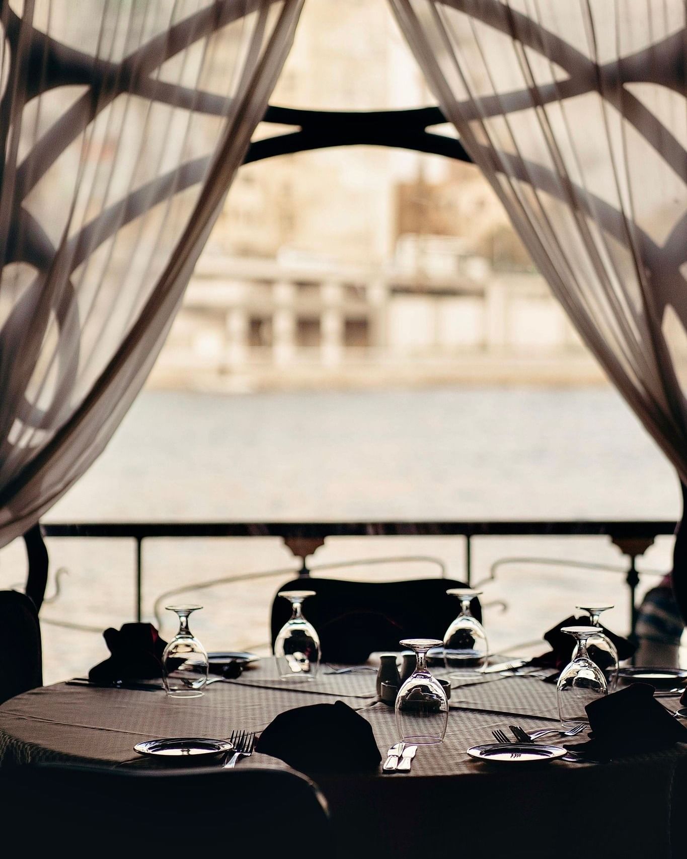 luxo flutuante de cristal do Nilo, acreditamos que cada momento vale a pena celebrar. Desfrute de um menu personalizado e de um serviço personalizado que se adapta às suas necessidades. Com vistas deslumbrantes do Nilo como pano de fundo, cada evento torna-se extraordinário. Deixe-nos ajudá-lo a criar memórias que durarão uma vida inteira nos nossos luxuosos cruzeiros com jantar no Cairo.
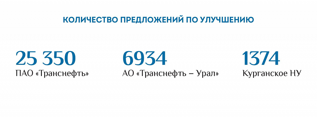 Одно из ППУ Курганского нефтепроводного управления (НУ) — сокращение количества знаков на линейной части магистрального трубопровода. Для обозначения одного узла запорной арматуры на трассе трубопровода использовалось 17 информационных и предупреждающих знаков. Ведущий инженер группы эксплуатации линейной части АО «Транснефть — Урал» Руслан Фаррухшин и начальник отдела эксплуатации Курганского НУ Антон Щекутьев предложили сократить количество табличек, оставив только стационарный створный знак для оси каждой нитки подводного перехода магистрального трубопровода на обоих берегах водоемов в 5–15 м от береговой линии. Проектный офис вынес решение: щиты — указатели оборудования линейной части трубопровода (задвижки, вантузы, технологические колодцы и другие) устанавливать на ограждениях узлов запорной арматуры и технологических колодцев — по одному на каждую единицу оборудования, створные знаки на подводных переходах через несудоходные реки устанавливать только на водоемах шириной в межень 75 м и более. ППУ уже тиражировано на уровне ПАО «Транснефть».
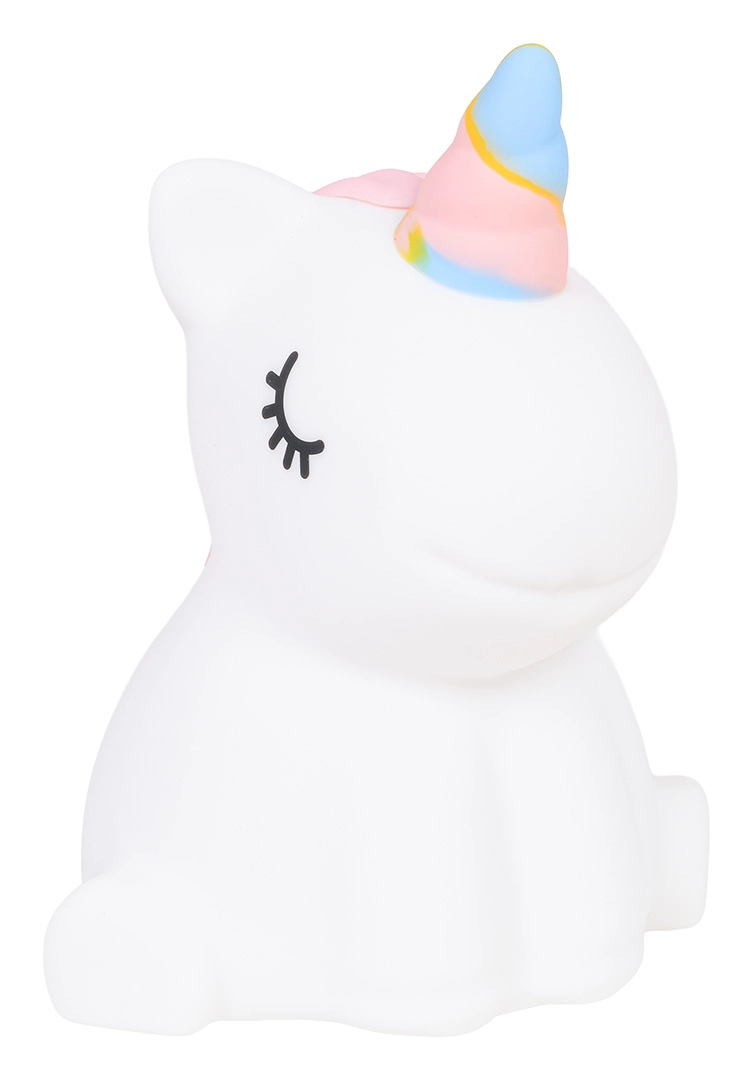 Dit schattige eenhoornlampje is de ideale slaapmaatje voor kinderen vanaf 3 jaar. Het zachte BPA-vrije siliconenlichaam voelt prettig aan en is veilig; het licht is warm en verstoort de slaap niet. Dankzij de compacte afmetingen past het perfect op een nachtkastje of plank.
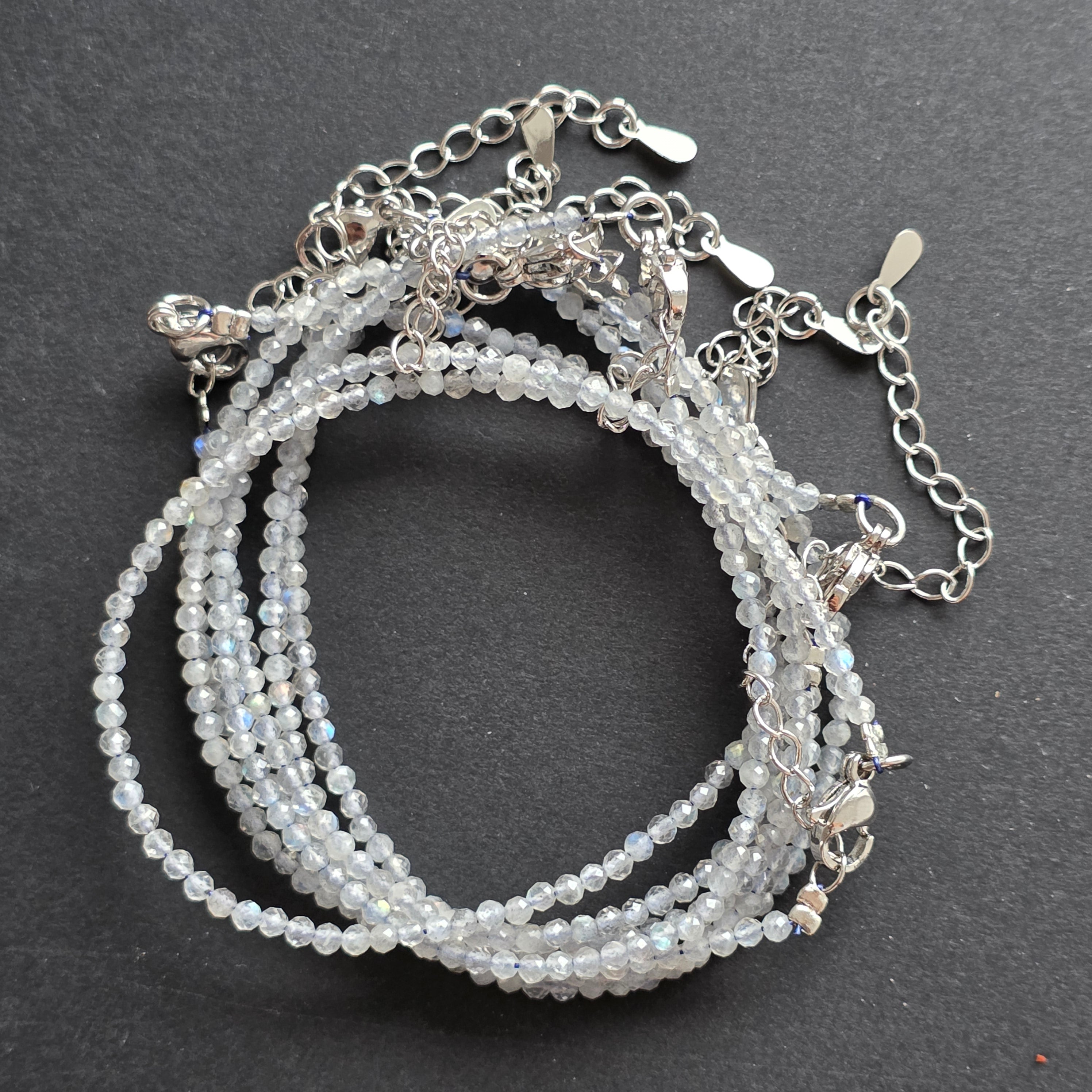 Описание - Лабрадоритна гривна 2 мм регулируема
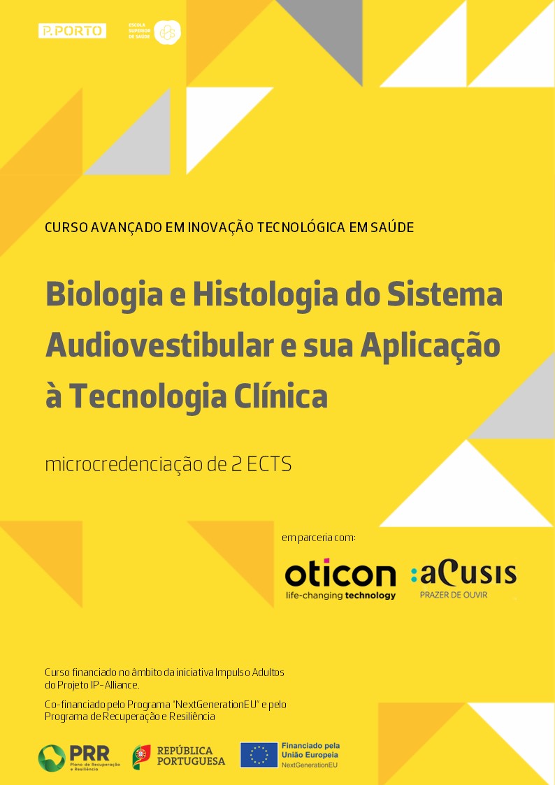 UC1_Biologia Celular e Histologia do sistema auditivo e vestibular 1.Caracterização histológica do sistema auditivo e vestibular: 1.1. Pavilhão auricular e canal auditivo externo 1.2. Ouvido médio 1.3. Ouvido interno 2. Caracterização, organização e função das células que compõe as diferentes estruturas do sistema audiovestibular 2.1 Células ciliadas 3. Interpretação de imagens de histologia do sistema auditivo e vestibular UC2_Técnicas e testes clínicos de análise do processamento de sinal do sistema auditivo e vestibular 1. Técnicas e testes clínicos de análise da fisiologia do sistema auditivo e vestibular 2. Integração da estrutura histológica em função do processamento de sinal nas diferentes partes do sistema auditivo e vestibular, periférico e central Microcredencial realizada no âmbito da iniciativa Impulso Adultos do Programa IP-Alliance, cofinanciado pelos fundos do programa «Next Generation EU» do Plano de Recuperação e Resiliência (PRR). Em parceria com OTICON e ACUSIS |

+---+

[Your objective] Everything in the data must be printed verbatim except the pictures.

[Task output]
 luxo flutuante de cristal do Nilo, acreditamos que cada momento vale a pena celebrar. Desfrute de um menu personalizado e de um serviço personalizado que se adapta às suas necessidades. Com vistas deslumbrantes do Nilo como pano de fundo, cada evento torna-se extraordinário. Deixe-nos ajudá-lo a criar memórias que durarão uma vida inteira nos nossos luxuosos cruzeiros com jantar no Cairo.
 Одно из ППУ Курганского нефтепроводного управления (НУ) — сокращение количества знаков на линейной части магистрального трубопровода. Для обозначения одного узла запорной арматуры на трассе трубопровода использовалось 17 информационных и предупреждающих знаков. Ведущий инженер группы эксплуатации линейной части АО «Транснефть — Урал» Руслан Фаррухшин и начальник отдела эксплуатации Курганского НУ Антон Щекутьев предложили сократить количество табличек, оставив только стационарный створный знак для оси каждой нитки подводного перехода магистрального трубопровода на обоих берегах водоемов в 5–15 м от береговой линии. Проектный офис вынес решение: щиты — указатели оборудования линейной части трубопровода (задвижки, вантузы, технологические колодцы и другие) устанавливать на ограждениях узлов запорной арматуры и технологических колодцев — по одному на каждую единицу оборудования, створные знаки на подводных переходах через несудоходные реки устанавливать только на водоемах шириной в межень 75 м и более. ППУ уже тиражировано на уровне ПАО «Транснефть».
 Dit schattige eenhoornlampje is de ideale slaapmaatje voor kinderen vanaf 3 jaar. Het zachte BPA-vrije siliconenlichaam voelt prettig aan en is veilig; het licht is warm en verstoort de slaap niet. Dankzij de compacte afmetingen past het perfect op een nachtkastje of plank.
 Описание - Лабрадоритна гривна 2 мм регулируема
 UC1_Biologia Celular e Histologia do sistema auditivo e vestibular 1.Caracterização histológica do sistema auditivo e vestibular: 1.1. Pavilhão auricular e canal auditivo externo 1.2. Ouvido médio 1.3. Ouvido interno 2. Caracterização, organização e função das células que compõe as diferentes estruturas do sistema audiovestibular 2.1 Células ciliadas 3. Interpretação de imagens de histologia do sistema auditivo e vestibular UC2_Técnicas e testes clínicos de análise do processamento de sinal do sistema auditivo e vestibular 1. Técnicas e testes clínicos de análise da fisiologia do sistema auditivo e vestibular 2. Integração da estrutura histológica em função do processamento de sinal nas diferentes partes do sistema auditivo e vestibular, periférico e central Microcredencial realizada no âmbito da iniciativa Impulso Adultos do Programa IP-Alliance, cofinanciado pelos fundos do programa «Next Generation EU» do Plano de Recuperação e Resiliência (PRR). Em parceria com OTICON e ACUSIS |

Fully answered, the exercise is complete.